Billionaire Lowy hires another Bagman
The Happy Couple still found time to earn on the side. Maybe it was a way of saying sorry. Fedor and Andreas went to work for the South African bid to stage this year’s World Cup. Although one rival bid spread a lot of money around it didn’t win and the Munich Boys were present at the announcement of the result in Zurich in June 2004.
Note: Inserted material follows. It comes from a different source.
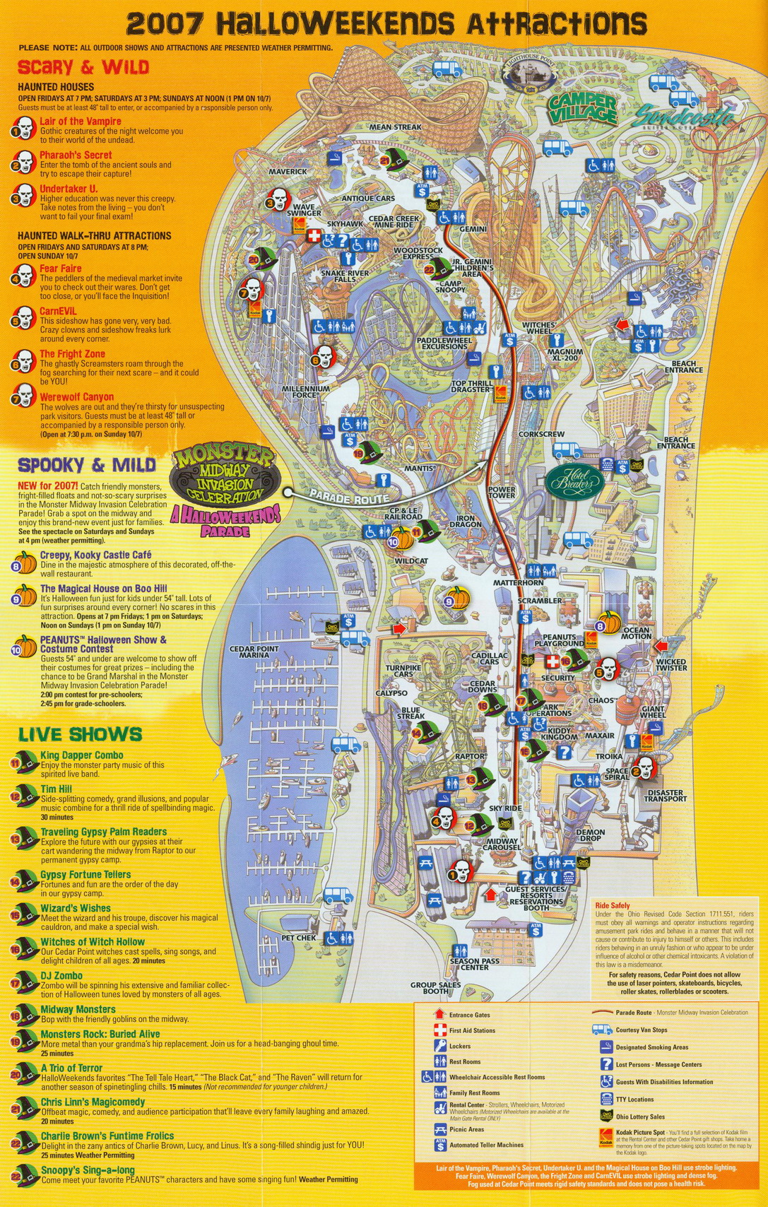 The Following Links will take you to a scaned copy of my 2007 HalloWeekends Cedar Point Brochure & Park Guide. Enjoy :)

The following year it was the turn of the Financial Times to take an interest in their endeavours. Under the headline ‘Award among friends’ it revealed that the German government had held a competition to select an agency to create a campaign to encourage Germans to be friendly to foreign football fans. The budget was three million Euros and Immaculate Andreas had won! What made lots of folks unhappy was that among the members of the jury that were so enthused by the Andreas Abold presentation were . . . Fedor and Michaela Radmann.
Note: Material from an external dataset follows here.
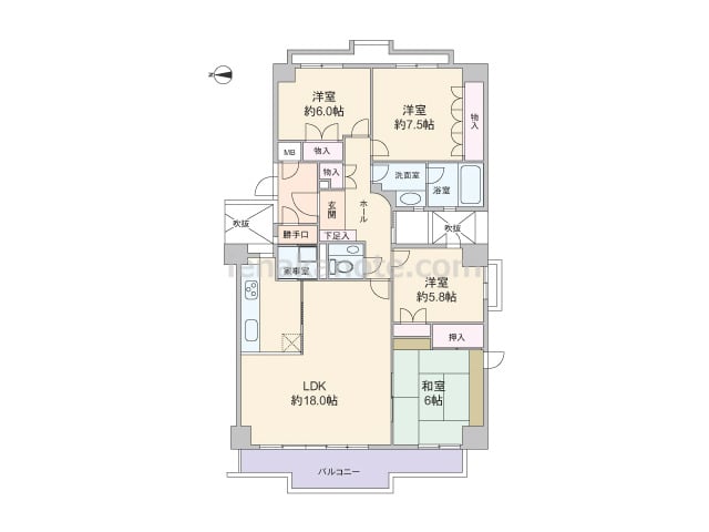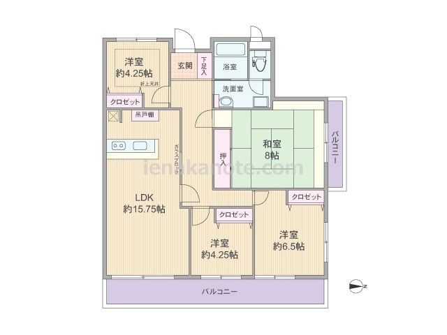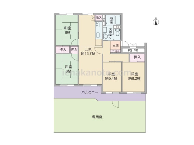 専有面積80.33平米の4LDK。専用庭付き・ワイドスパンのプランで、LDKを含む4部屋が南向き。LDK約13.7帖は南北両面に窓があり、通風にすぐれています。キッチン横には便利な物入付き。和室2部屋はLDKを通って出入りします。洋室約5...

The German trade associations for public relations agencies complained to the Federal Cartel Office but Andreas kept his contract.
Value for Money
Australian taxpayers – and their Government which channels their money to Andreas Abold, Fedor Radmann and of course the Swiss-Hungarian conman Peter Hargitay - should wonder if they are getting value for money. There’s no doubt that Abold employs a talented team of graphic designers and his bid book will be up to standard.
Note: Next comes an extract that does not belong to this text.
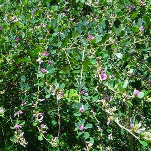 低山の山頂付近では「マルバハギ」が見られます。 枝は垂れず花も葉の外に飛び出ることありません。 また、楕円形の葉の先がわずかにへこんでいます。

The other two hustlers? Who on earth was ever influenced by Peter Hargitay apart from the Swiss businessman who loaned him US$2 million and has been chasing him for years to get it back. Hargitay performed a few dark things for FIFA president Sepp Blatter and then was shown the door. After being kicked out by the English FA he won’t be expecting to swing FIFA vice-president Geoff Thompson’s vote behind Lowy. And now Bin Hammam’s people, gearing up for war with Blatter, have told Hargitay not to bother them again. Jack Warner knows what he wants and intends to get it. Better leave that twisting in the twilight.
It’s risible to think that Blatter, Jack Warner, Mohammed Bin Hammam or any of the other 21 members of FIFA’s Executive Board could be influenced by Hargitay for a nanosecond. These men with their continental powerbases have their own longterm agendas and relationships, developed over the decades. They will, as they always have, make their own deals with each other without suffering the cloying sleeve-tugging of Johnny-come-lately Hargitay who only appeared on the FIFA scene in late 2002.
Two Financial Disasters
Funny Fedor is close to Beckenbauer who is unlikely to go out on a limb for Australia or anybody else if it would upset UEFA unanimity. The Berchtesgaden Bagman talks the talk but he will have been aware months ago that the fans would not travel to South Africa, may not travel to Brazil and that after two financial disasters FIFA will exclaim for 2018 and 2022 ‘Show us the money’ and England or Spain and then the USA will oblige, cheaply, efficiently and profitably. There’s some members of the executive committee who will trouser bribes. They don’t give receipts and how they vote will not be influenced.
Radmann may whisper in Frank Lowy’s ear that he ‘won it’ for Germany but he didn’t. Charlie Dempsey's walk-out was a desperate last gambit in a neck and neck race that could never be repeated. Although the personable Elias Zaccour is still around, he’s very old and unlikely to make calls for free. Even if he did agree to ‘consult’ to Frank Lowy on how to develop shopping malls, the Westfield man wouldn’t stoop to Leo’s depths. We can be sure of that.